Gorillaz has presented itself live in a variety of different ways throughout its history, such as hiding the touring band from the audience's view in the early years of the project, projecting animated band members on stage via computer graphics and traditional live touring featuring a fully visible live band. The band have sold over 28 million records worldwide and are cited by Guinness World Records as the world's "Most Successful Virtual Band". They have won a Grammy Award, two MTV Video Music Awards, an NME Award and four MTV Europe Music Awards. They have also been nominated for 11 Brit Awards and won Best British Group at the 2018 Brit Awards.

History

Creation (1998–2000)

Musician Damon Albarn and comic artist Jamie Hewlett met in 1990 when guitarist Graham Coxon, a fan of Hewlett's work, asked him to interview Blur, which Albarn and Coxon had recently formed. The interview was published in Deadline magazine, home of Hewlett's comic strip Tank Girl. Hewlett initially thought Albarn was "arsey, a wanker;" and despite becoming acquaintances with the band, they often did not get on, especially after Hewlett began seeing Coxon's ex-girlfriend Jane Olliver. Despite this, Albarn and Hewlett started sharing a flat on Westbourne Grove in London in 1997. Hewlett had recently broken up with Olliver and Albarn was at the end of his highly publicised relationship with Justine Frischmann of Elastica.

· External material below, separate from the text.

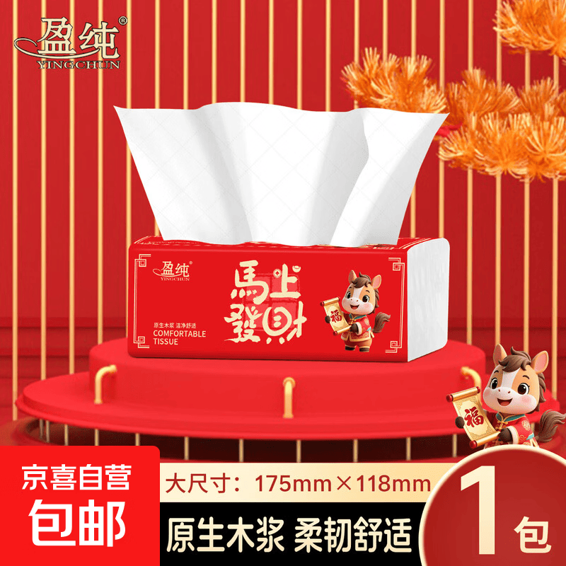 【真实惠】整箱6600张30包新年系原木抽纸餐巾纸面巾纸卫生纸装 新年系列原木抽纸 5层 220张*1包 随身装

The idea to create Gorillaz came about when Albarn and Hewlett were watching MTV. Hewlett said, "If you watch MTV for too long, it's a bit like hell – there's nothing of substance there. So we got this idea for a virtual band, something that would be a comment on that." Albarn recalled the idea similarly, saying "This was the beginning of the boy band sort of explosion... and it just felt so manufactured. And we were like, well let's make a manufactured band but make it kind of interesting." The band originally identified themselves as "Gorilla" and the first song they recorded was "Ghost Train", which was later released as a B-side on their single "Rock the House". The band's visual style is thought to have evolved from The 16s, a rejected comic strip Hewlett conceived with Tank Girl co-creator Alan Martin.

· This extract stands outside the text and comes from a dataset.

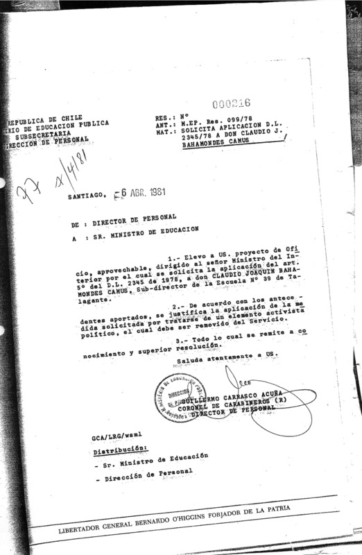 Exoneración de Bahamondes Camus

Although not released under the Gorillaz name, Albarn has said that "one of the first ever Gorillaz tunes" was Blur's 1997 single "On Your Own", which was released for their fifth studio album Blur.

Gorillaz (2001–2002)

From 1998 to 2000, Albarn recorded for Gorillaz' self-titled debut album at his newly opened Studio 13 in London as well as at Geejam Studios in Jamaica. The sessions resulted in the band's first release, the EP Tomorrow Comes Today, released on 27 November 2000. This EP consisted mostly of tracks which later appeared on the album, and it also included the band's first music video for "Tomorrow Comes Today", which introduced the virtual band members for the first time.

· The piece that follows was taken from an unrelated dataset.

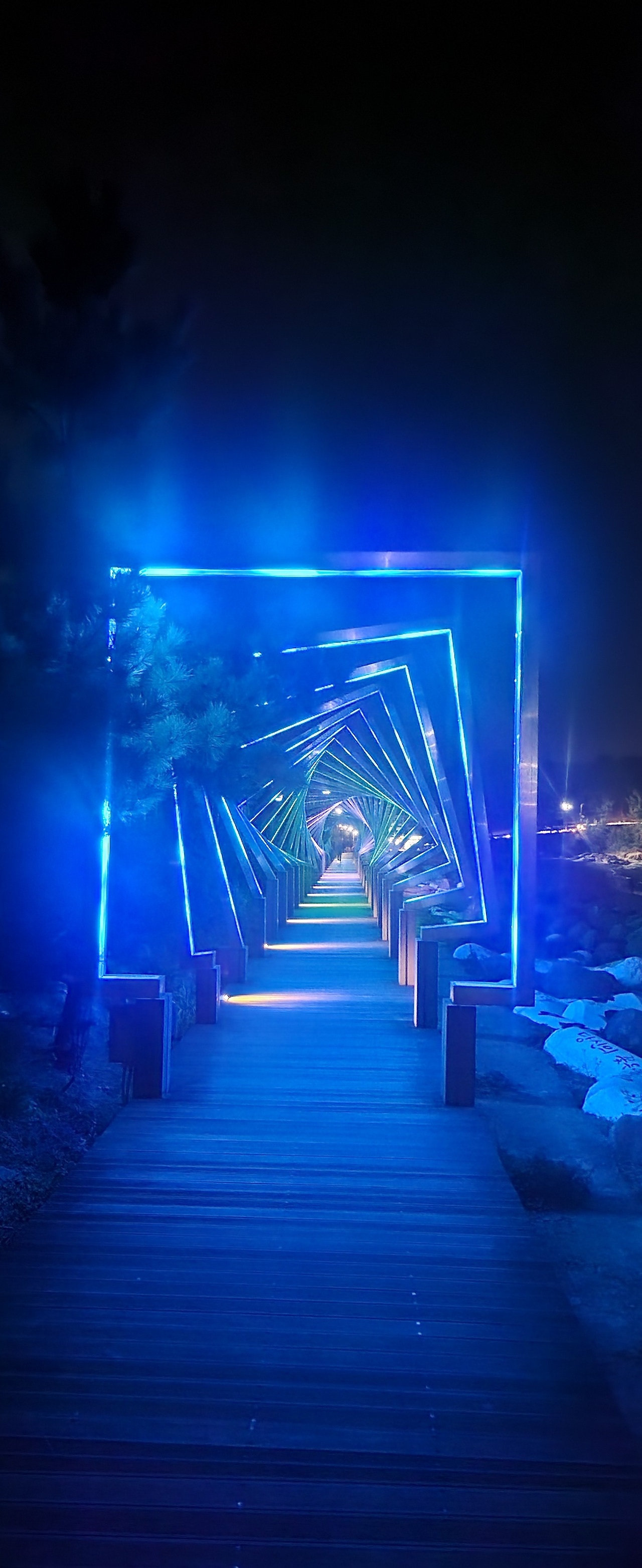 저녁 식사 후 산책하다가 발견한, 다른 차원으로 빨려 들어갈 것 같은 한섬 해변의 산책로.

With Gorillaz, Albarn began to branch out into other genres which he had not explored with Blur, such as hip-hop, dub and Latin music, a process he described as liberating: "One of the reasons I began Gorillaz is I had a lot of rhythms I never thought I could use with Blur. A lot of that stuff never really seemed to manifest itself in the music we made together as Blur." Albarn originally began work on the album by himself, however eventually invited American hip-hop producer Dan "the Automator" Nakamura to serve as producer on the album, explaining "I called Dan the Automator in after I'd done more than half of it and felt it would benefit from having somebody else's focus. So I just rang him and asked whether he was interested in helping me finish it off." Nakamura and Albarn had recently collaborated on Deltron 3030, the debut album by the hip-hop supergroup of the same name featuring rapper Del the Funky Homosapien and DJ Kid Koala, both of whom Nakamura recruited to assist in finishing Gorillaz material. Del featured on two tracks on the album, including the lead single "Clint Eastwood", while Kid Koala contributed turntables to various tracks. The album featured additional collaborations with Ibrahim Ferrer of Buena Vista Social Club, Miho Hatori of Cibo Matto and Tina Weymouth of Talking Heads and Tom Tom Club, representing a pattern of collaboration with a wide range of artists which later became a staple of Gorillaz as a project.

Gorillaz was released on 26 March 2001 and was a major commercial success, debuting at #3 on the UK Albums Chart and #14 on the US Billboard 200, going on to sell over 7 million copies worldwide, powered by the success of the "Clint Eastwood" single. The album was promoted with the singles "Clint Eastwood", "19-2000" and "Rock the House", in addition to the previously released "Tomorrow Comes Today", with each single featuring a music video directed by Hewlett starring the virtual members. Hewlett also helmed the design of the band's website, which was presented as an interactive tour of the band's fictional "Kong Studios" home and recording studio, featuring interactive games and explorative elements. Following the release of the album, the band embarked on a brief tour of Europe, Japan and the United States to support the album in which a touring band featuring Albarn played completely obscured behind a giant screen on which Hewlett's accompanying visuals were projected. The virtual band member's voice actors were also present at some shows and spoke live to the audience to give the impression that the fictional band was present on stage. In later interviews, Albarn described the band's first tour as difficult due to the limitations imposed by the band playing behind a screen: "For someone who had just spent the last ten years out front being a frontman [with Blur], it was a really weird experience. And I have to say, some nights I just wanted to get a knife and just cut [the screen] and stick my head through." The album was followed by the B-sides compilation G-Sides released in December 2001.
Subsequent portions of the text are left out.